What to do »
Repeat the span of the entries below that starts at the line with "The main theme" and ends at the line with "Вино Аррогант Фрог", nothing more. Skip the pictures.

Exercise material »
────────────────────────────────────────

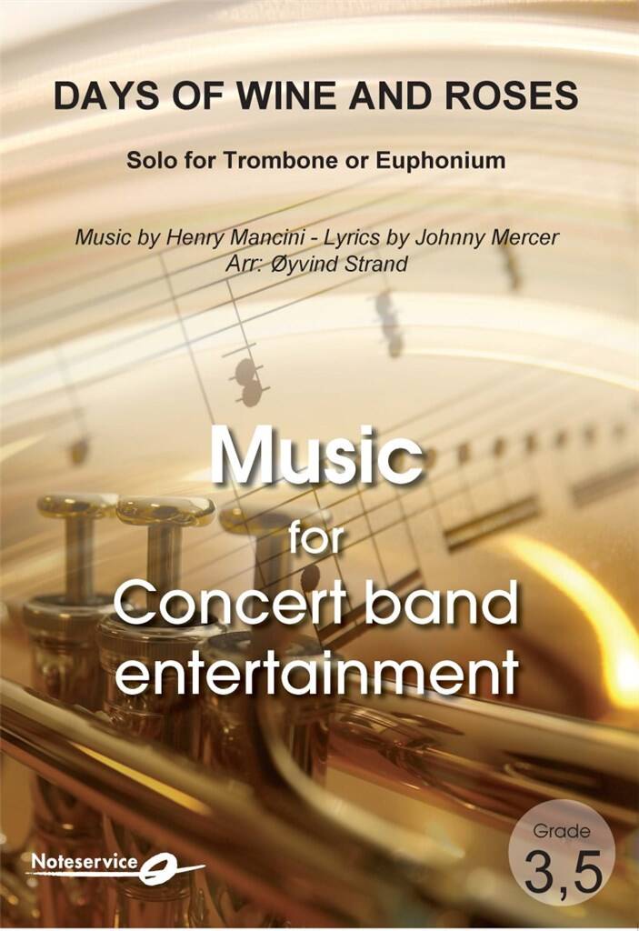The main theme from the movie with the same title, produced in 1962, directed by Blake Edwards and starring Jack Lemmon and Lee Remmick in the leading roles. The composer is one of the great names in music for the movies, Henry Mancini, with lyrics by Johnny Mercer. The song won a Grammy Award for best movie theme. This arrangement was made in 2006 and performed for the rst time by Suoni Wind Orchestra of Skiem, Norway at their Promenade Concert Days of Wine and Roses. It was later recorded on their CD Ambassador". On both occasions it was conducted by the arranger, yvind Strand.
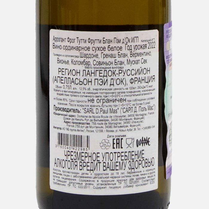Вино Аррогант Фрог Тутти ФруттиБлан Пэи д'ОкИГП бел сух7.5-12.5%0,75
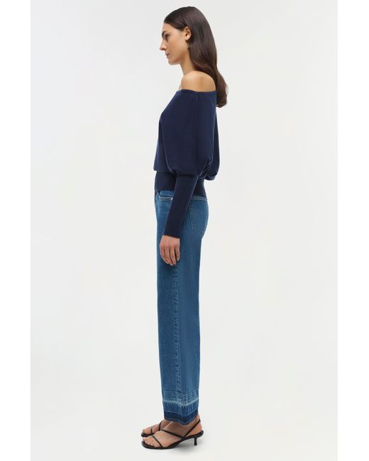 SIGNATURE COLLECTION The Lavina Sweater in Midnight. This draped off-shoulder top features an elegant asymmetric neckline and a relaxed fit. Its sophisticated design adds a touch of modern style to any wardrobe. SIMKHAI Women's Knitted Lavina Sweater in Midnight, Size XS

────────────────────────────────────────

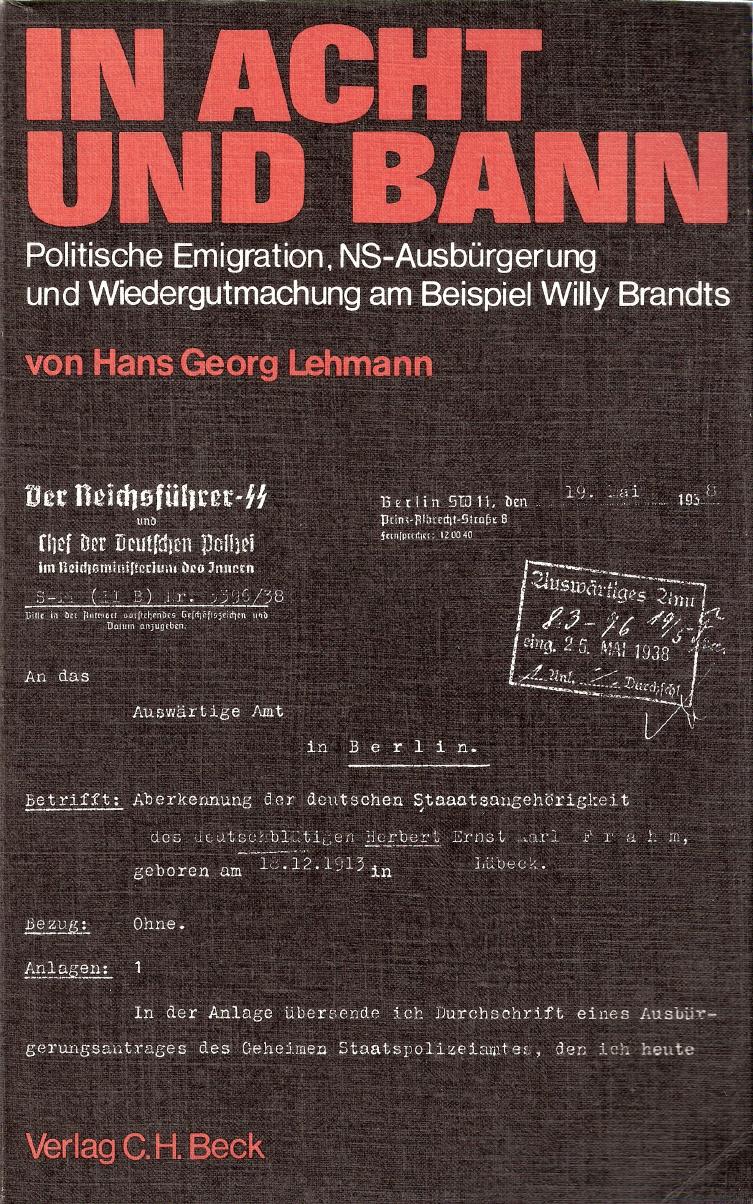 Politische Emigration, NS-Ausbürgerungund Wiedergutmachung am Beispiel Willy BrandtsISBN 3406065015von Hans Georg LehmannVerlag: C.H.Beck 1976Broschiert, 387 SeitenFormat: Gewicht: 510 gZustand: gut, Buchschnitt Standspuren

────────────────────────────────────────

Result of this exercise »
The main theme from the movie with the same title, produced in 1962, directed by Blake Edwards and starring Jack Lemmon and Lee Remmick in the leading roles. The composer is one of the great names in music for the movies, Henry Mancini, with lyrics by Johnny Mercer. The song won a Grammy Award for best movie theme. This arrangement was made in 2006 and performed for the rst time by Suoni Wind Orchestra of Skiem, Norway at their Promenade Concert Days of Wine and Roses. It was later recorded on their CD Ambassador". On both occasions it was conducted by the arranger, yvind Strand.
Вино Аррогант Фрог Тутти ФруттиБлан Пэи д'ОкИГП бел сух7.5-12.5%0,75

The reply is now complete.